The development of treatments for rare diseases remains a significant challenge, with approximately 95% of such conditions still lacking approval from the U.S. Food and Drug Administration (FDA). Progress in this field has been slow, largely due to the regulatory practice of evaluating each treatment on an individual basis.
Certara, a company specializing in optimizing drug development processes, is advocating for a new approach known as the "sandbox" strategy. This method draws inspiration from digital innovation, creating a controlled environment where regulators, industry sponsors, patients, and academic experts can collaborate to test and refine new methodologies in real time.
"The sandbox approach, borrowed from digital innovation, refers to a controlled, collaborative space where regulators, industry sponsors, patients and academic experts can test and refine new methodologies in real time. In rare disease treatment development, this method offers an environment to trial novel endpoints, adaptive designs and statistical approaches without the rigidity of traditional regulatory frameworks," Certara stated.
Under current procedures, developers typically engage in separate meetings with the FDA at different stages of clinical trials. The sandbox model proposes continuous collaboration among stakeholders throughout all phases of drug development—from nonclinical studies through pivotal Phase 3 trials—with ongoing data review by regulators rather than waiting for milestone meetings.
This strategy also involves grouping treatments into different sandboxes based on how they are manufactured: small synthetic molecules ("small sandbox"), well-characterized biologics like monoclonal antibodies ("bio sandbox"), and complex cell or gene therapies ("complex sandbox"). The goal is to align product development requirements according to product type while maintaining consistency within each group.
Certara acknowledges potential skepticism about simplifying regulatory processes but notes that recent changes—such as the FDA's plan to phase out animal testing requirements for monoclonal antibodies—make now an opportune time to explore new models. The FDA and National Institutes of Health (NIH) have announced plans to reduce animal research requirements for certain therapies. While some researchers see promise in organoid and artificial intelligence-based methods as alternatives to animal testing, concerns remain regarding safety and practical implementation (https://www.biospace.com/article/fda-nih-accelerate-shift-away-from-animal-research-as-experts-warn-of-limitations/).

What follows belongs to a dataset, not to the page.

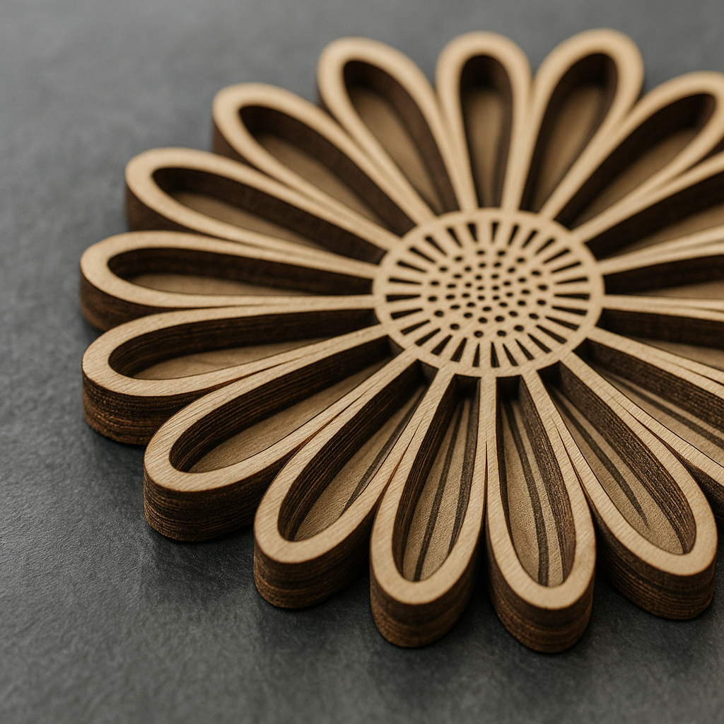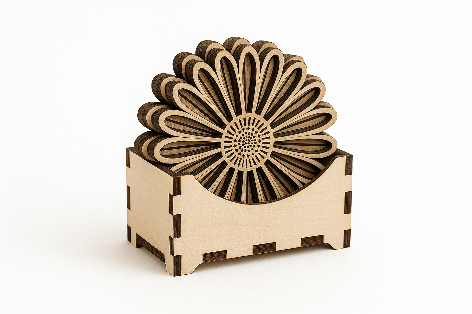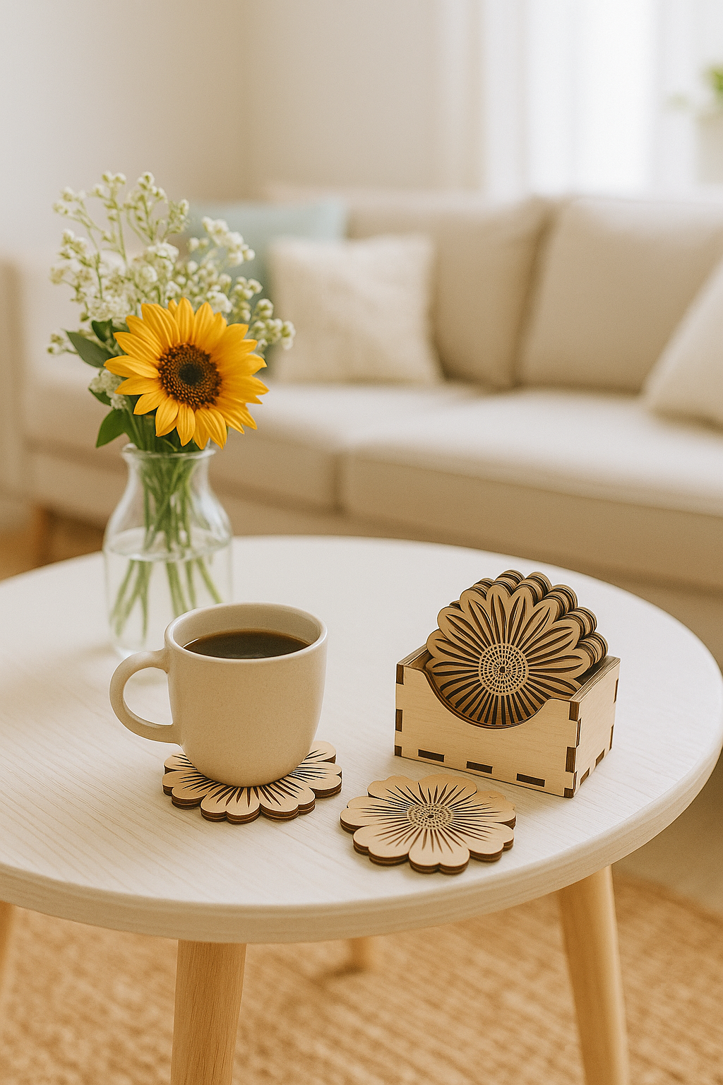Ce set de dessous de verre en bois, finement découpé au laser, apporte une vraie touche naturelle et élégante à ton quotidien. Parfait pour les cafés du matin comme les apéros au soleil !

The sandbox framework could be particularly useful for developing monoclonal antibodies for rare diseases by eliminating nonhuman primate use in research and implementing robust alternative models. Certara believes that piloting this approach could provide valuable insights applicable to more common diseases.
A further enhancement involves integrating Model-Informed Drug Development (MIDD), which uses data-driven models across biology, pharmacology, and clinical sciences. Regulatory agencies such as the FDA and European Medicines Agency have shown increased openness toward MIDD through pilot programs designed to improve engagement between developers and regulators.
In rare disease contexts—where patient populations are small—MIDD allows developers to maximize limited clinical trial data through modeling techniques that inform dose selection and trial design. When applied within a sandbox setting with early stakeholder involvement, these strategies can validate innovative approaches while meeting regulatory standards.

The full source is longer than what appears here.